# Assigned task
Word for word, restate the entries below and exclude every image.

# Record set

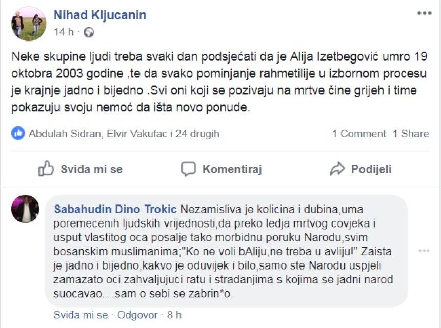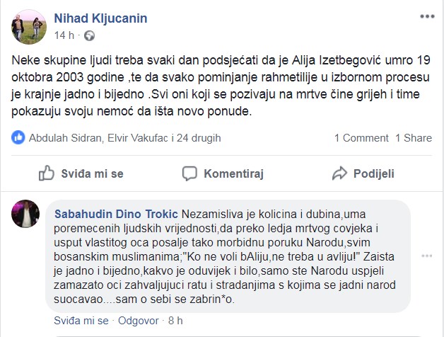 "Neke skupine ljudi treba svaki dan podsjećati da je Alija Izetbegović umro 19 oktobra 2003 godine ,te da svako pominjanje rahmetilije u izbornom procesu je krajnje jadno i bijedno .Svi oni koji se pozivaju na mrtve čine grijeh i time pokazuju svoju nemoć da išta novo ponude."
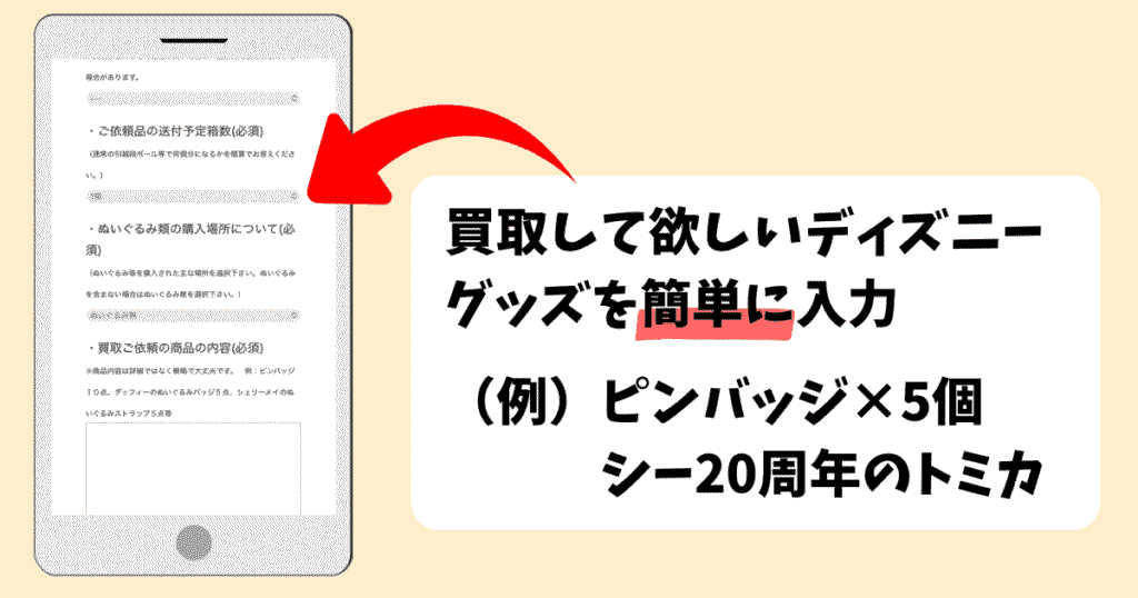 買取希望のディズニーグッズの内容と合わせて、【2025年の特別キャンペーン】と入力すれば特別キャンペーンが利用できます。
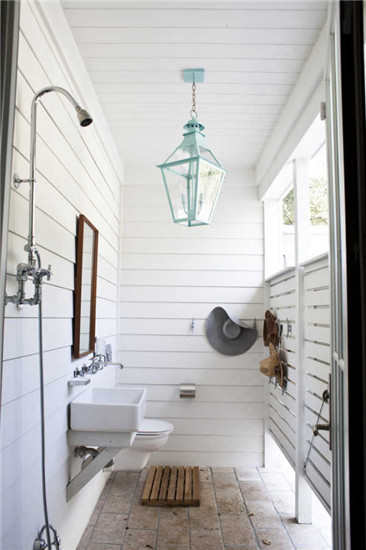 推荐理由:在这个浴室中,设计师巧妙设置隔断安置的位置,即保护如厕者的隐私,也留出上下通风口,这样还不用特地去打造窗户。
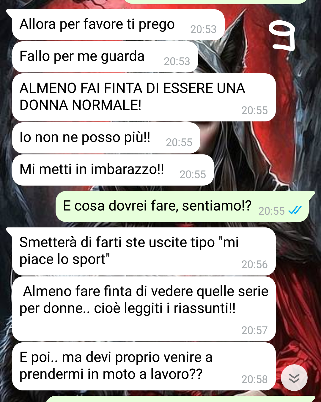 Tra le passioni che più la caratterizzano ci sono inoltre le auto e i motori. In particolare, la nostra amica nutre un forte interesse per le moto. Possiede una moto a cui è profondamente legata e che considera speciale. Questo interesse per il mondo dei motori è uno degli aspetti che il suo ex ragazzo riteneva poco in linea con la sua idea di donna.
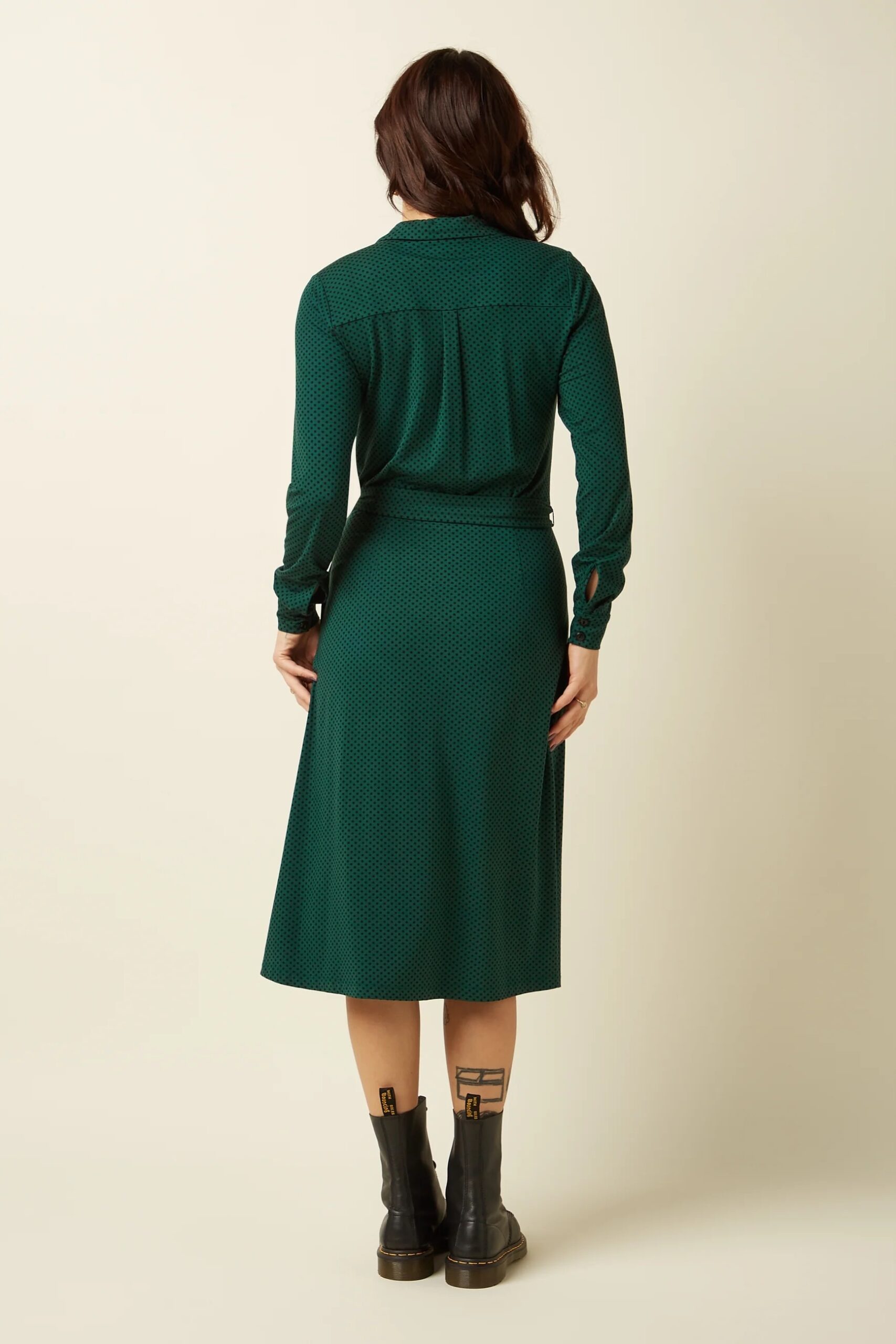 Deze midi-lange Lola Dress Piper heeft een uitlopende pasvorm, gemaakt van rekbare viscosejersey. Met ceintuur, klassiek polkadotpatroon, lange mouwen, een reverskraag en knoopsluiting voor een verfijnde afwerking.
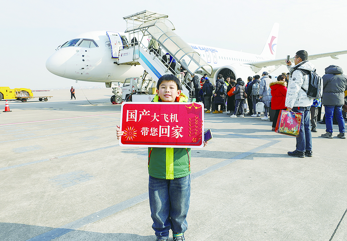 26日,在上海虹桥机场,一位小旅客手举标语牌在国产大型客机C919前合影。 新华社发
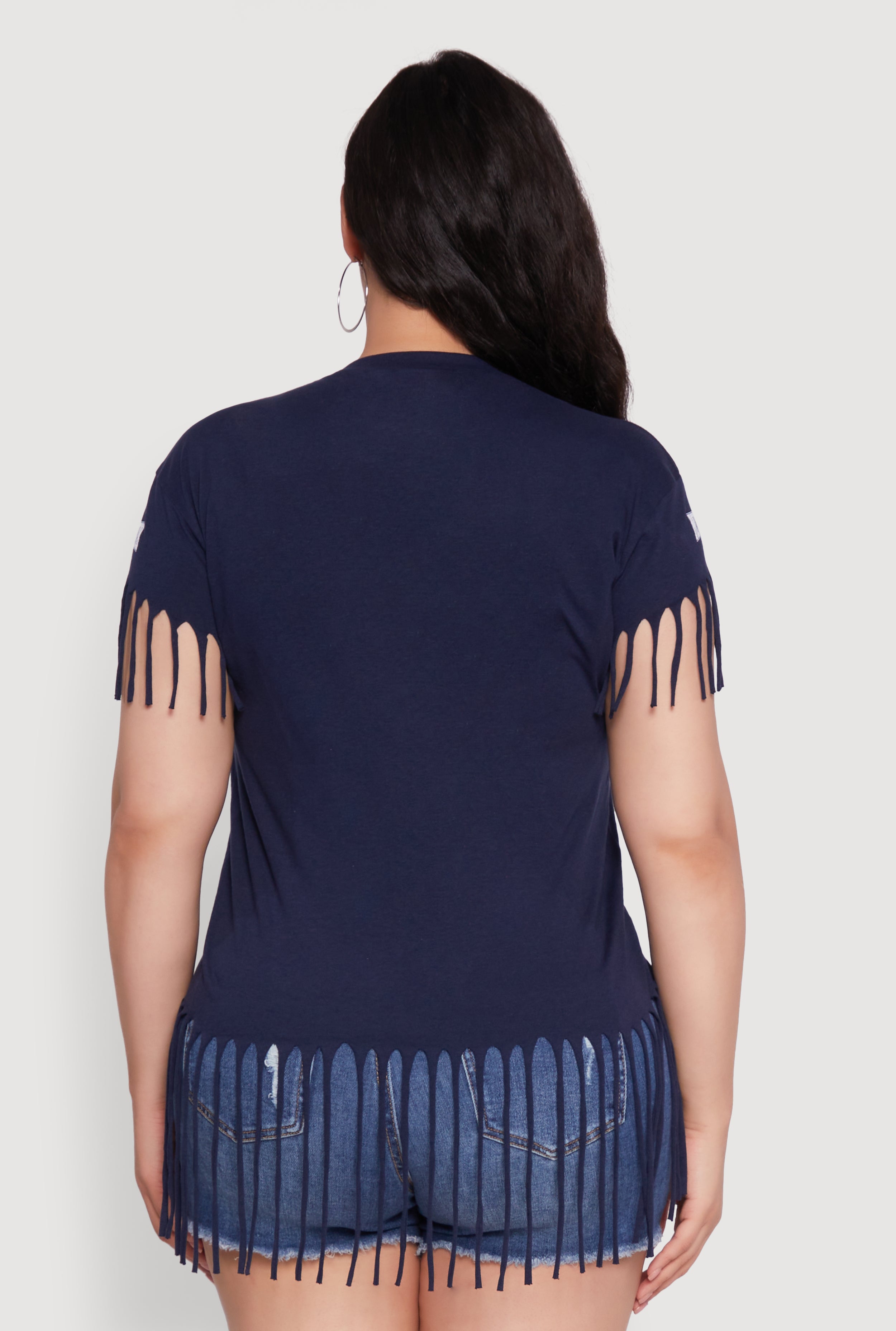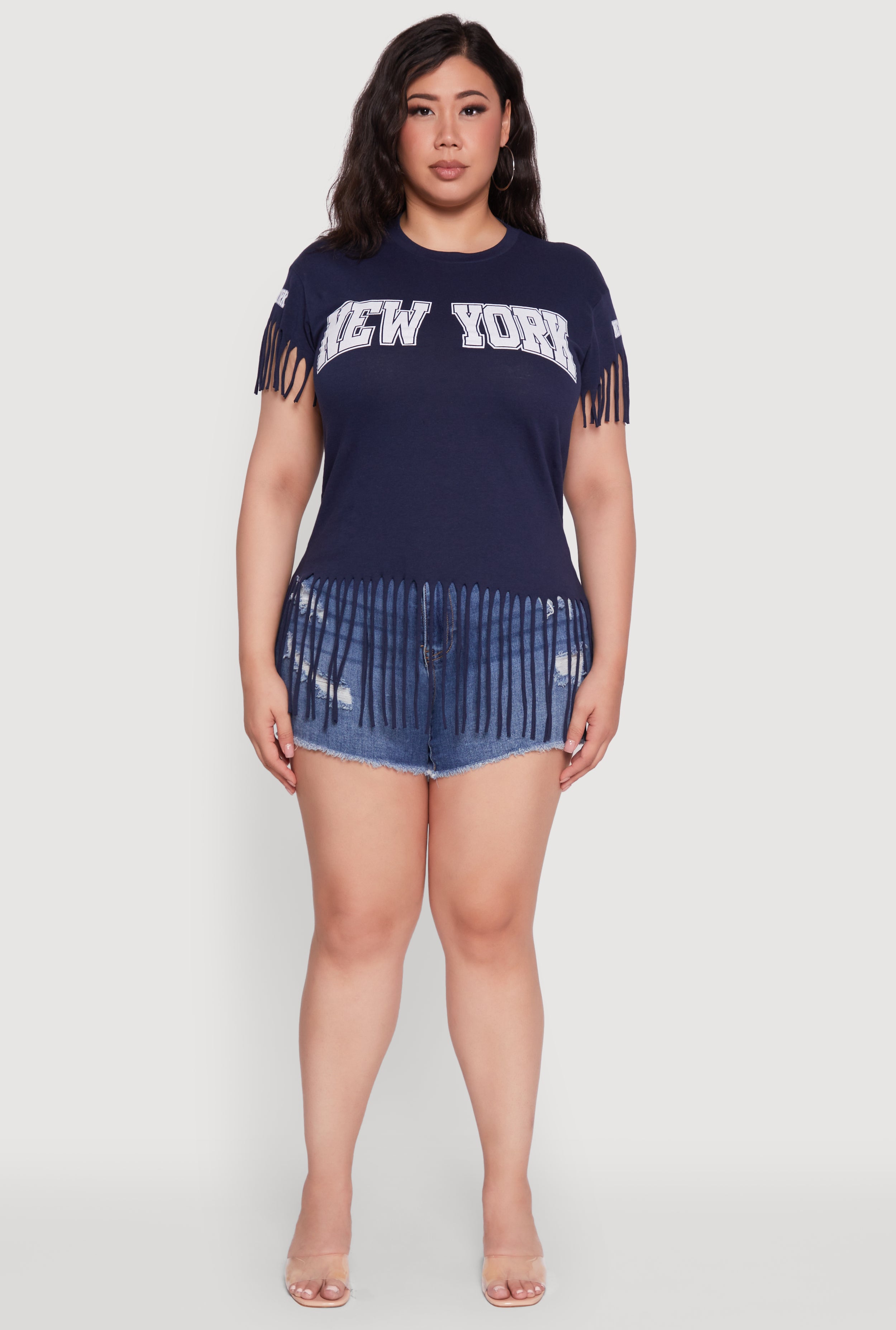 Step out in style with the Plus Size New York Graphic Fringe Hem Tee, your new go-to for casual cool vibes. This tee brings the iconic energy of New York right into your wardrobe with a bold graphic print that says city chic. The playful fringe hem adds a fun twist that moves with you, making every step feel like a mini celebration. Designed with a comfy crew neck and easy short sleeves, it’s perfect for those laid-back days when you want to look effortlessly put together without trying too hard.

# The answer
 "Neke skupine ljudi treba svaki dan podsjećati da je Alija Izetbegović umro 19 oktobra 2003 godine ,te da svako pominjanje rahmetilije u izbornom procesu je krajnje jadno i bijedno .Svi oni koji se pozivaju na mrtve čine grijeh i time pokazuju svoju nemoć da išta novo ponude."
 買取希望のディズニーグッズの内容と合わせて、【2025年の特別キャンペーン】と入力すれば特別キャンペーンが利用できます。
 推荐理由:在这个浴室中,设计师巧妙设置隔断安置的位置,即保护如厕者的隐私,也留出上下通风口,这样还不用特地去打造窗户。
 Tra le passioni che più la caratterizzano ci sono inoltre le auto e i motori. In particolare, la nostra amica nutre un forte interesse per le moto. Possiede una moto a cui è profondamente legata e che considera speciale. Questo interesse per il mondo dei motori è uno degli aspetti che il suo ex ragazzo riteneva poco in linea con la sua idea di donna.
 Deze midi-lange Lola Dress Piper heeft een uitlopende pasvorm, gemaakt van rekbare viscosejersey. Met ceintuur, klassiek polkadotpatroon, lange mouwen, een reverskraag en knoopsluiting voor een verfijnde afwerking.
 26日,在上海虹桥机场,一位小旅客手举标语牌在国产大型客机C919前合影。 新华社发
 Step out in style with the Plus Size New York Graphic Fringe Hem Tee, your new go-to for casual cool vibes. This tee brings the iconic energy of New York right into your wardrobe with a bold graphic print that says city chic. The playful fringe hem adds a fun twist that moves with you, making every step feel like a mini celebration. Designed with a comfy crew neck and easy short sleeves, it’s perfect for those laid-back days when you want to look effortlessly put together without trying too hard.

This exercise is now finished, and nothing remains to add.